This blog looks in a bit more detail at the volte face that Natural England has been forced to make as a result of my (our) legal challenge. A bit later today I will take a broader view of what Natural England needs to do to regain some credibility and public confidence.
Although the letters sent by Natural England to Calderdale and Pendle Council planning authorities cite a load of legal guff and ‘a broader evidence base’ for their about-turn on whether the proposed track across protected blanket bog was fine and dandy or damaging to a protected habitat the facts of the matter are that Natural England has opposed this track before, correctly, on the existing evidence and legal casework, and failed to do its duty this time last year. Natural England and Defra are gagging to get the European Commission off their backs over failure to implement EU-wide environmental legislation properly in respect of blanket bogs and were willing to give landowners what they wanted (and landowner Richard Bannister wants this track) in order to sign useless agreements that pretend to protect blanket bogs but in fact do not (see here, here and here for background).
There are serious questions to be asked about this case (and I will come back to the general issues later today).
Natural England was forced to review the information on peat depth along the track by the brilliant work of Bob Berzins who went out with a GPS and a metal rule and measured them. Bob – you are a star!
When Natural England measured the peat depths along the track it found that 70% of those measurements were of 40cm or greater depth whereas the information in the agreement that Natural England had signed stated that only 26% were of such depth. How did this happen? How common are such errors? What steps will Natural England take to make sure that it checks all the information on which such agreements with land owners are made in future? Why has it taken so long for Natural England to admit its negligence?

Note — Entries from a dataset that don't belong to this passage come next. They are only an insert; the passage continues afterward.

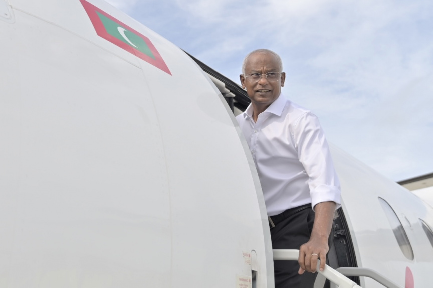 ރައީސް ޞާލިޙް ފުވައްމުލަކަށް ފުރާވަޑައިގަތުމަށް ފްލައިޓަށް އަރާވަޑައިގަންނަވަނީ --- ފޮޓޯ: އެމްޑީޕީ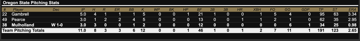 In the top of the eleventh, George Mendazona launched his first career homer right over the center-field wall to put the Beavs ahead 4-3. The defense would hold and the Beavs got on the bus winners.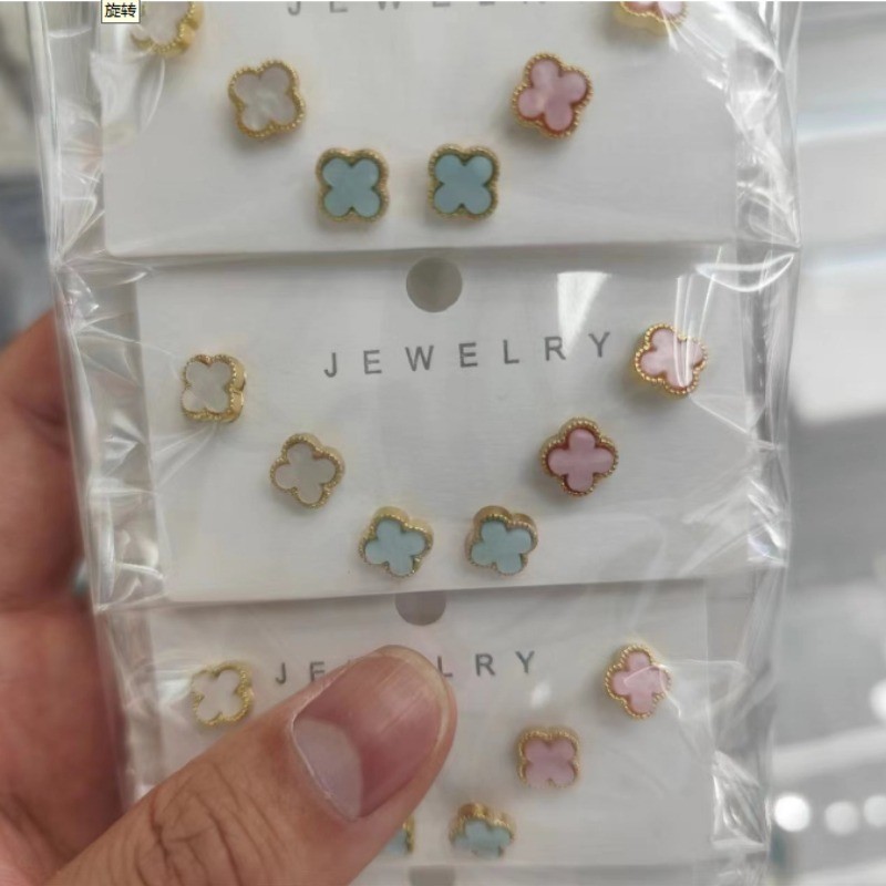 3 คู่ต่างหูโคลเวอร์สี่ใบชุดสาวแฟชั่นต่างหูเครื่องประดับของขวัญวันเกิด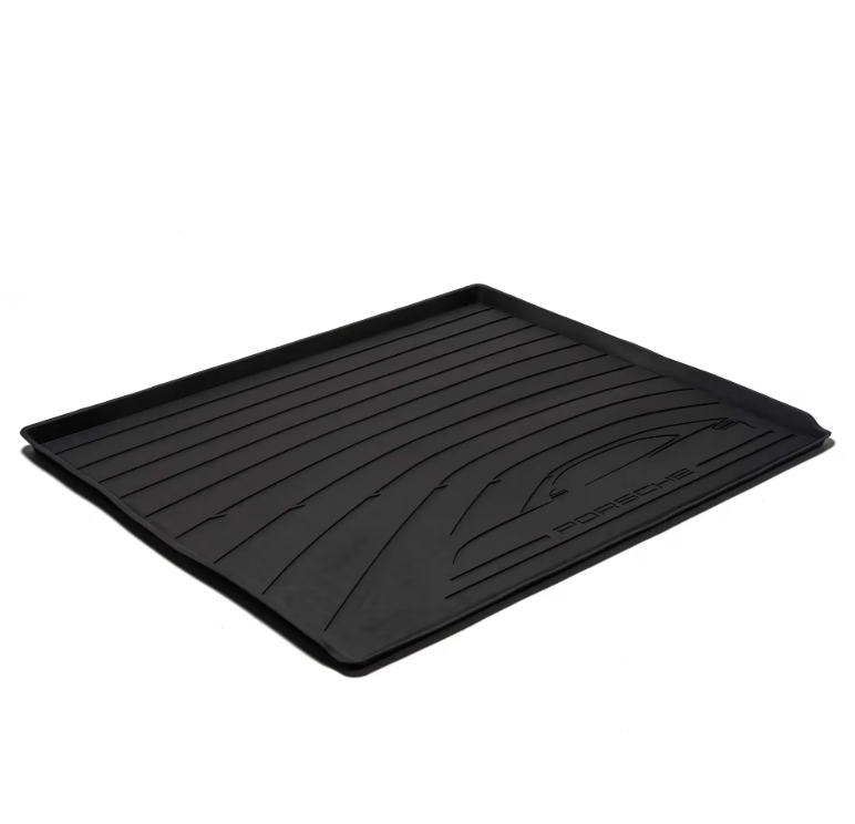O forro personalizado da bagageira para o Macan Electric protege eficazmente a bagageira contra sujidade, humidade e desgaste. O fundo de proteção em Preto impressiona pelo seu design atrativo com silhueta do veículo e logótipo "PORSCHE". O fundo de bagageira plano é feito de material impermeável de alta qualidade e pode ser facilmente limpo, se necessário. Isto significa que a bagageira está sempre em perfeitas condições e pronta para todas as aventuras que quiser viver com o seu Macan Electric.

Back in early November I blogged about the fact that the Walshaw Moor Estate had applied for planning permission to build a track across its land. Why has it taken three months for Natural England to react to this? When were the new measurements of peat depth made? And in any case, having admitted its errors back in May, did Natural England liaise with Walshaw Moor Estate and make it clear that their proposal for a track would be opposed by Natural England? Did Pendle and Calderdale planning departments ask Natural England for their HRA and why has it taken so long to produce it?
I’d be a bit surprised if Richard Bannister gives up on his desire for a new track cutting through this protected habitat. I’d like to think that if we have to fight this battle all over again, and I wouldn’t rule it out, then Natural England will do its job properly. But if it doesn’t, then I’ll be coming back to you all and asking for your help in continuing the fight for our moorland to be protected from damage and our wildlife to be treasured and protected.
By the way, if we have a no-deal Brexit then this will be almost infinitely more difficult. If we have any sort of Brexit then it will be more difficult. If we Remain then it is difficult enough – not because of the EU but because Defra and Natural England aren’t doing their jobs properly.
The progress we have made in forcing Natural England to do its job, would not have been possible without a whole bunch of people. Thank you to Bob Berzins – an exceptional man. Thank you to our legal team at Leigh Day (especially Carol, Lewis, Tessa (now on maternity leave) and Tom (now joining the team), and thank you to those of you who supported the crowdfunder that has enabled this progress to be made.
3 Replies to “Wuthering moors 81 – some more detail”
And thank God it needs planning permission. In Scotland you just hire a bulldozer. See JMT’s attempts, with Andy Wightman (MSP), to require planning permission for hill tracks.
m parry – depends whether it is in an SPA or SAC or SSSI.
well that’s some good news at least! Thanks for the info.